* [PROVIDED INFORMATION]
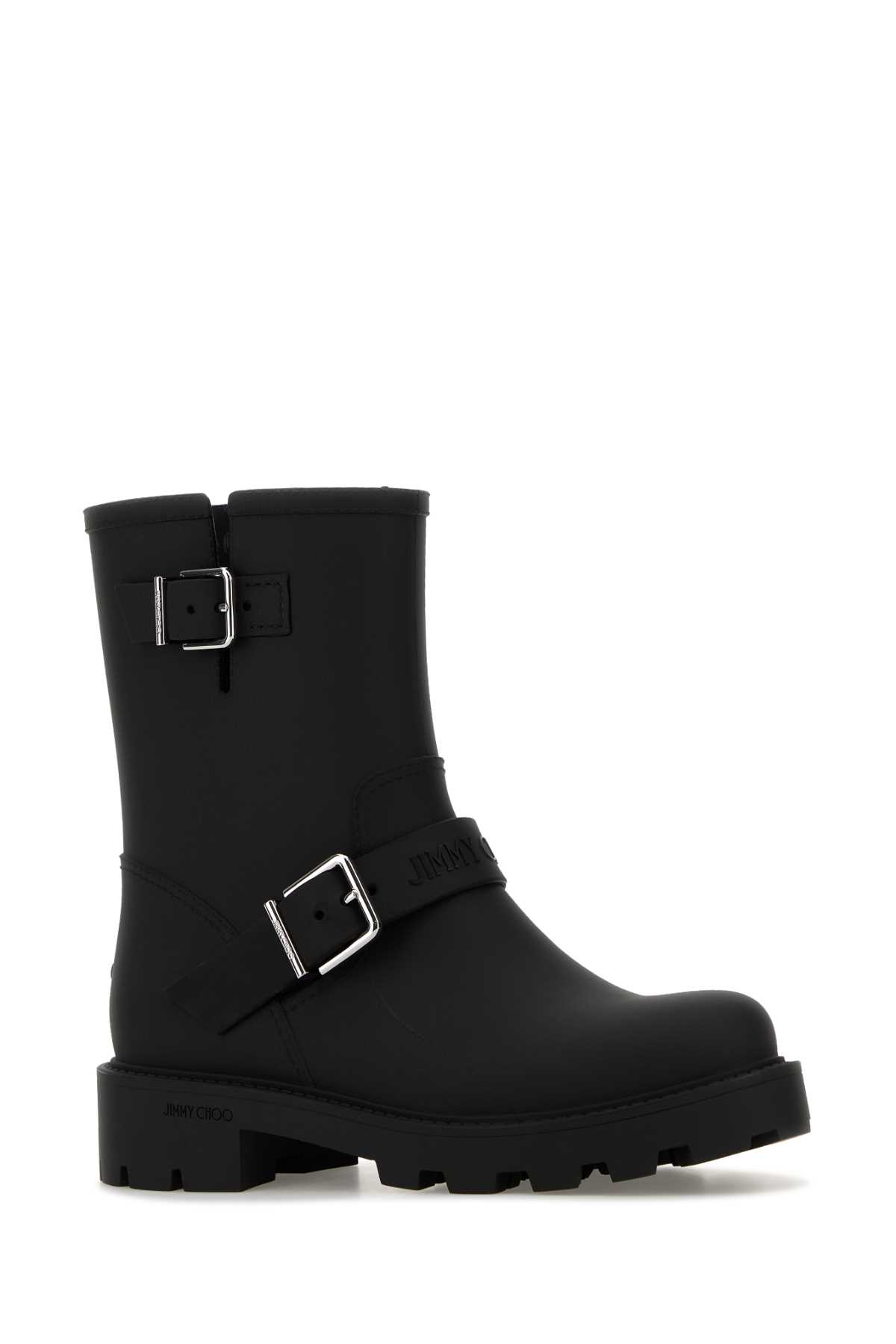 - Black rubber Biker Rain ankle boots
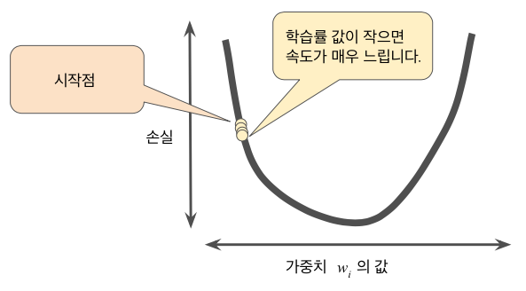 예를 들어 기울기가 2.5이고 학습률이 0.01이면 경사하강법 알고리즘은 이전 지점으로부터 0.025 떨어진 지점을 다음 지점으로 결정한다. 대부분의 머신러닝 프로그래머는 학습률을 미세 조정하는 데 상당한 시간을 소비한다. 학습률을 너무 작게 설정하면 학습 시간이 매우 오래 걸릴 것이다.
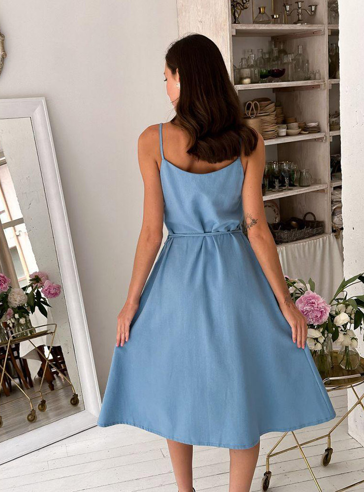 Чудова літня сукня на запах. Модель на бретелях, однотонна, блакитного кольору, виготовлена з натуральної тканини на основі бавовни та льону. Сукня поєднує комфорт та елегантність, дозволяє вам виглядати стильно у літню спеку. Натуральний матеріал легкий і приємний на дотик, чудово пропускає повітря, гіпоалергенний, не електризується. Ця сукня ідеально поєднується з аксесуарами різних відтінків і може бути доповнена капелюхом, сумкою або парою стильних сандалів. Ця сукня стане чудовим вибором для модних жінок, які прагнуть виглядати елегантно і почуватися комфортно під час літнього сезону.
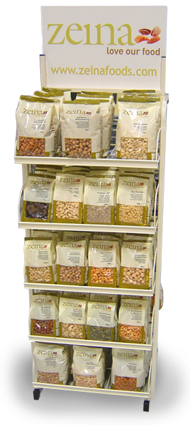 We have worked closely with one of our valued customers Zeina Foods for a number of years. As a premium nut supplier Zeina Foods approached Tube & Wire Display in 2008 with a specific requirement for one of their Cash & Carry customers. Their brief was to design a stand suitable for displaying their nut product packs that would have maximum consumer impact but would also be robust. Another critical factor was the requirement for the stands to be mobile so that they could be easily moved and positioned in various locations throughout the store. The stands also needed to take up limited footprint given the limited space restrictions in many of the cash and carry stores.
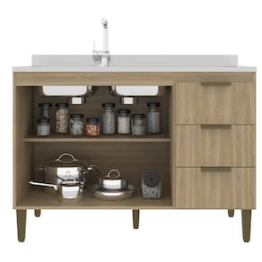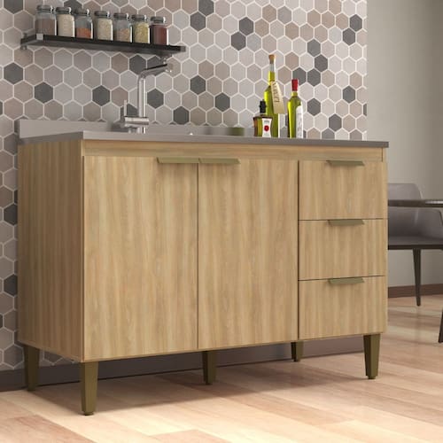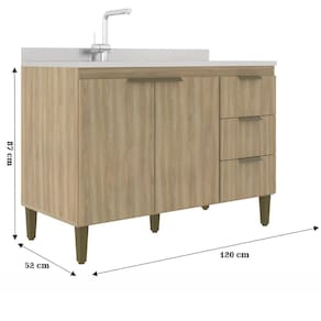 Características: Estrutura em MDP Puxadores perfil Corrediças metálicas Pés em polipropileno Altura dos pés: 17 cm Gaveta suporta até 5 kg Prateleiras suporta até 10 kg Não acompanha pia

* [ABOUT THIS EXERCISE]
Only the lines from the line with "Чудова літня сукня" through the end of the records belong in your copy. Repeat them exactly, without pictures.

* [RESPONSE TO THE EXERCISE]
 Чудова літня сукня на запах. Модель на бретелях, однотонна, блакитного кольору, виготовлена з натуральної тканини на основі бавовни та льону. Сукня поєднує комфорт та елегантність, дозволяє вам виглядати стильно у літню спеку. Натуральний матеріал легкий і приємний на дотик, чудово пропускає повітря, гіпоалергенний, не електризується. Ця сукня ідеально поєднується з аксесуарами різних відтінків і може бути доповнена капелюхом, сумкою або парою стильних сандалів. Ця сукня стане чудовим вибором для модних жінок, які прагнуть виглядати елегантно і почуватися комфортно під час літнього сезону.
 We have worked closely with one of our valued customers Zeina Foods for a number of years. As a premium nut supplier Zeina Foods approached Tube & Wire Display in 2008 with a specific requirement for one of their Cash & Carry customers. Their brief was to design a stand suitable for displaying their nut product packs that would have maximum consumer impact but would also be robust. Another critical factor was the requirement for the stands to be mobile so that they could be easily moved and positioned in various locations throughout the store. The stands also needed to take up limited footprint given the limited space restrictions in many of the cash and carry stores.
 Características: Estrutura em MDP Puxadores perfil Corrediças metálicas Pés em polipropileno Altura dos pés: 17 cm Gaveta suporta até 5 kg Prateleiras suporta até 10 kg Não acompanha pia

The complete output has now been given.